There's a FreeBSD recommendation to use /boot/loader.conf for `nvidia` (with the latest driver for NVIDIA).

Is this use of loader.conf appropriate (with FreeBSD 13.0-RELEASE), or somewhat archaic? 

loader.conf(5)


----------



## Menelkir (Dec 3, 2021)

AFAIK, you should use kld_list="nvidia-modeset" on rc.conf instead.
Also, you can use /boot/loader.conf.local instead of /boot/loader.conf, so you can make the .local yours and let the loader.conf alone.


----------



## grahamperrin@ (Dec 3, 2021)

Menelkir said:


> AFAIK, you should use … rc.conf instead. …



+1 to rc.conf(5) instead.

Re: `nvidia-modeset` ▶ <https://forums.freebsd.org/posts/544929>


----------



## grahamperrin@ (Dec 3, 2021)

On one hand, <https://http.download.nvidia.com/XFree86/FreeBSD-x86_64/470.86/README/installdriver.html> (Chapter 3) for 470.86 (the latest production branch) states:



> … your /boot/loader.conf file will be updated to automatically load the NVIDIA kernel module on boot, as well as the Linux ABI compatibility module should you not have it compiled into your kernel.

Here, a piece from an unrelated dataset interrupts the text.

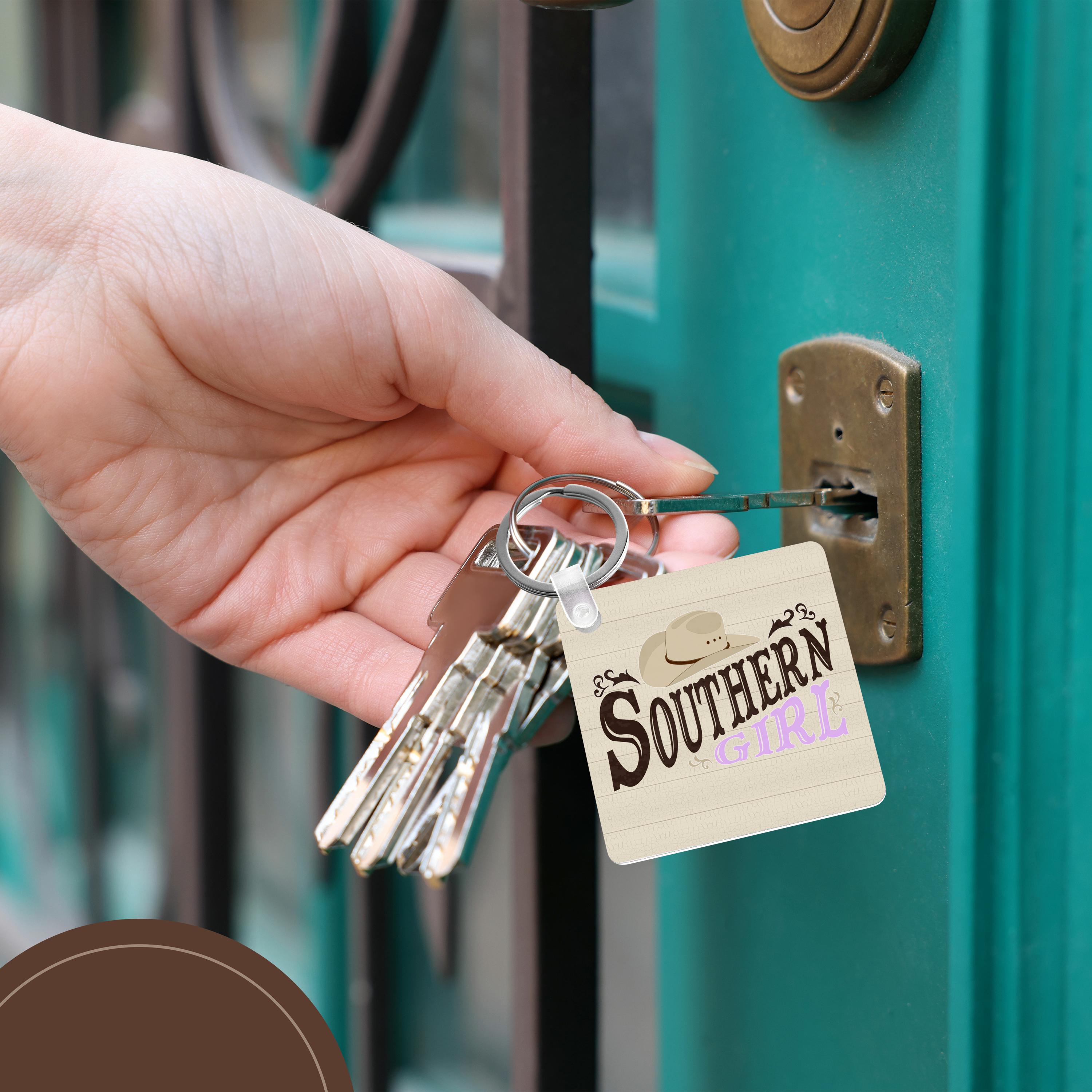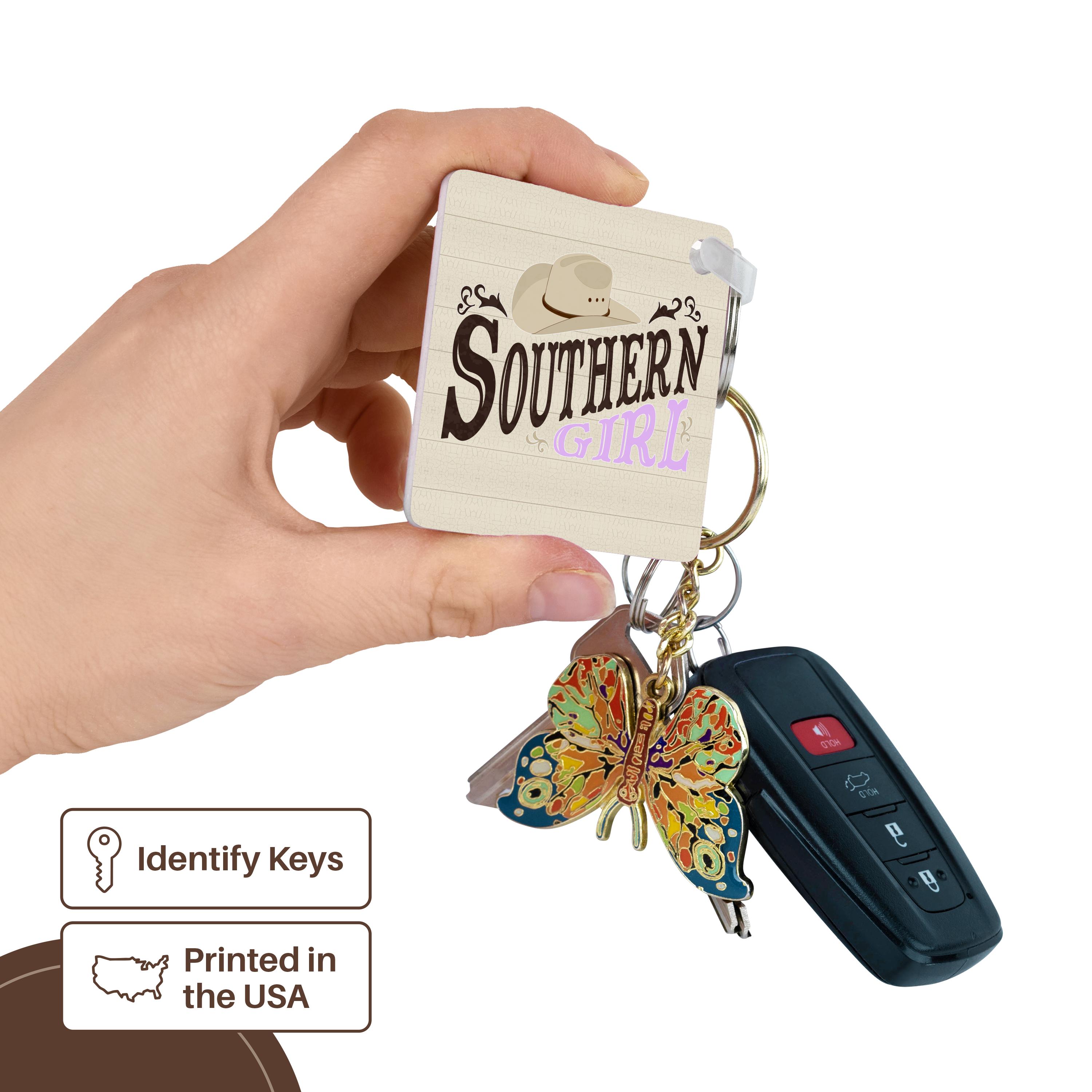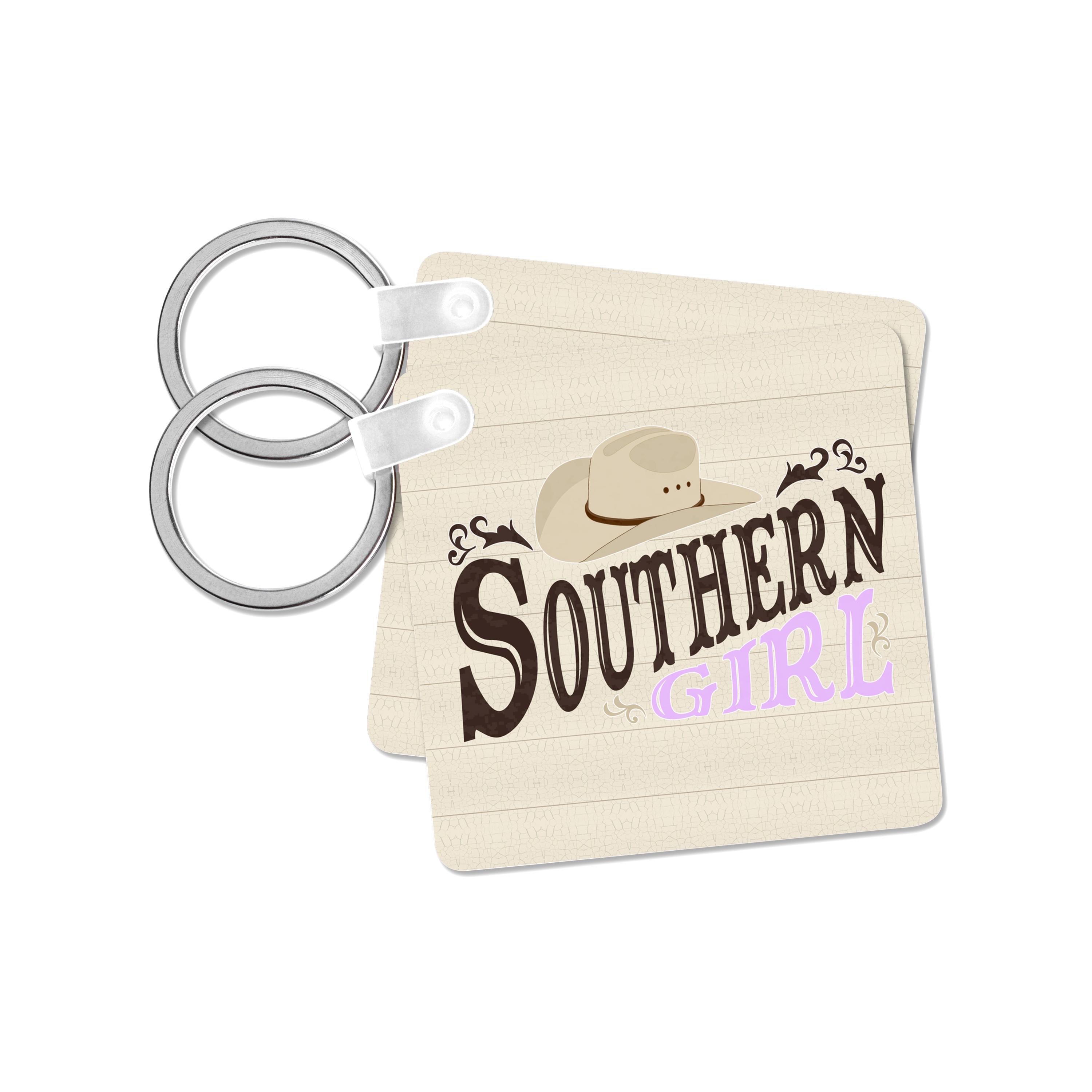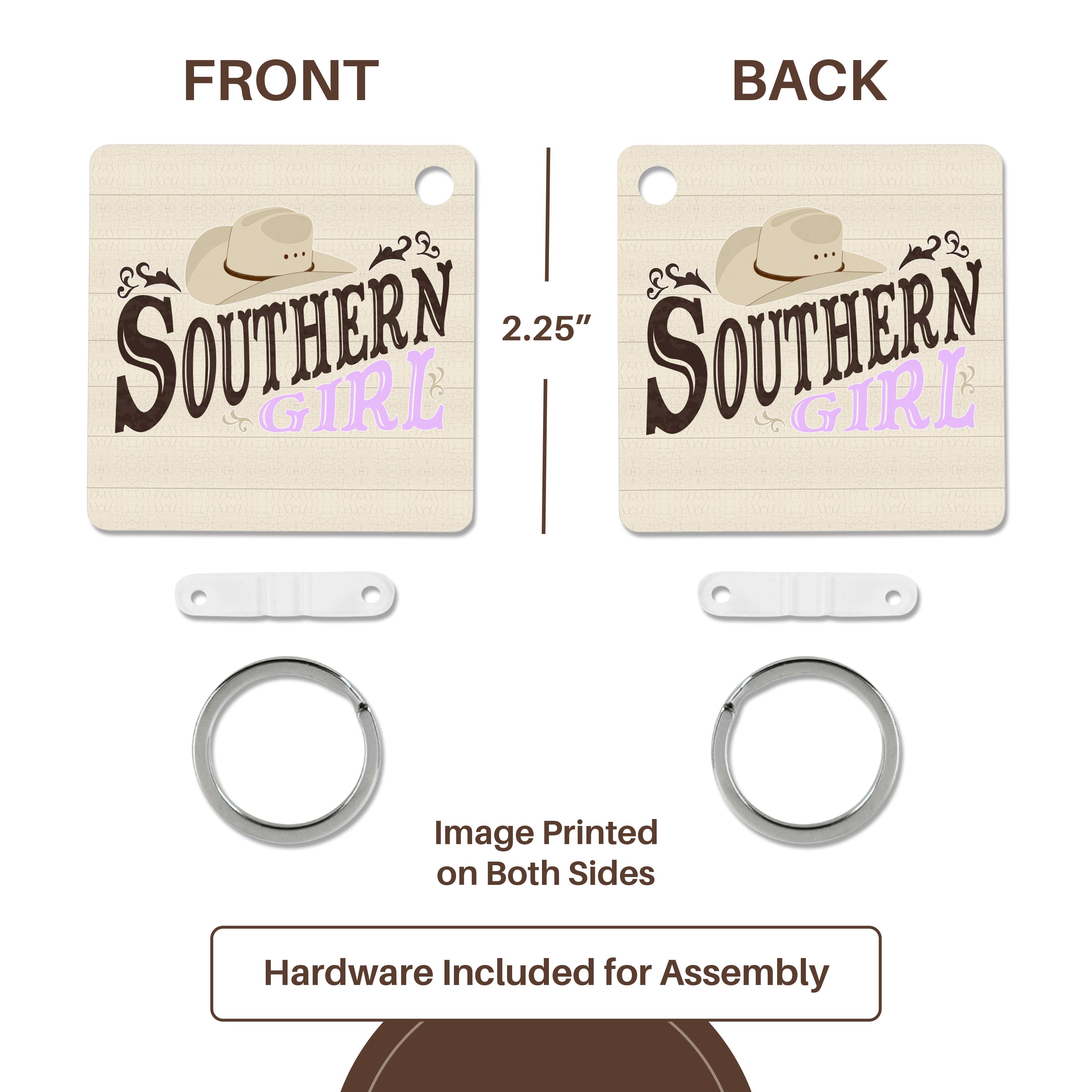 Southern Girl Purple Key Chain is available in sets of 2, 4 and 6; making them perfect for sharing. Image is printed on both sides and has a high gloss finish. Measures 2 3/8" x 2 3/8" x 3/8" and are made of heavy duty durable plastic. Rings and plastic clips included.

On the other hand, <https://forums.freebsd.org/posts/524703> for NVIDIA Quadro K1100M (GK107GLM) recalls that things were "better" with `nvidia-modeset_load` set to *no* in /boot/loader.conf

so I question the sanity of NVIDIA's Chatper 3.


----------



## Menelkir (Dec 3, 2021)

The nvidia page probably wasn't updated properly.


----------



## SirDice (Dec 3, 2021)

The installer from NVidia itself installs a whole bunch of useless entries in loader.conf. Use the port/package: x11/nvidia-driver. It has the proper procedure in its pkg-message.


----------



## Alain De Vos (Dec 3, 2021)

Two thoughts. The nvidia driver fom the nvidia site might be unknown to the freebsd package manager pkg, as such uninstall might be problematic.
Also to remove entries from loader.conf you sometimes have to boot into single user mode which is an annoyance.


----------



## grahamperrin@ (Dec 4, 2021)

SirDice said:


> the proper procedure in its pkg-message.



I think not ▶ <https://forums.freebsd.org/posts/544936> …


----------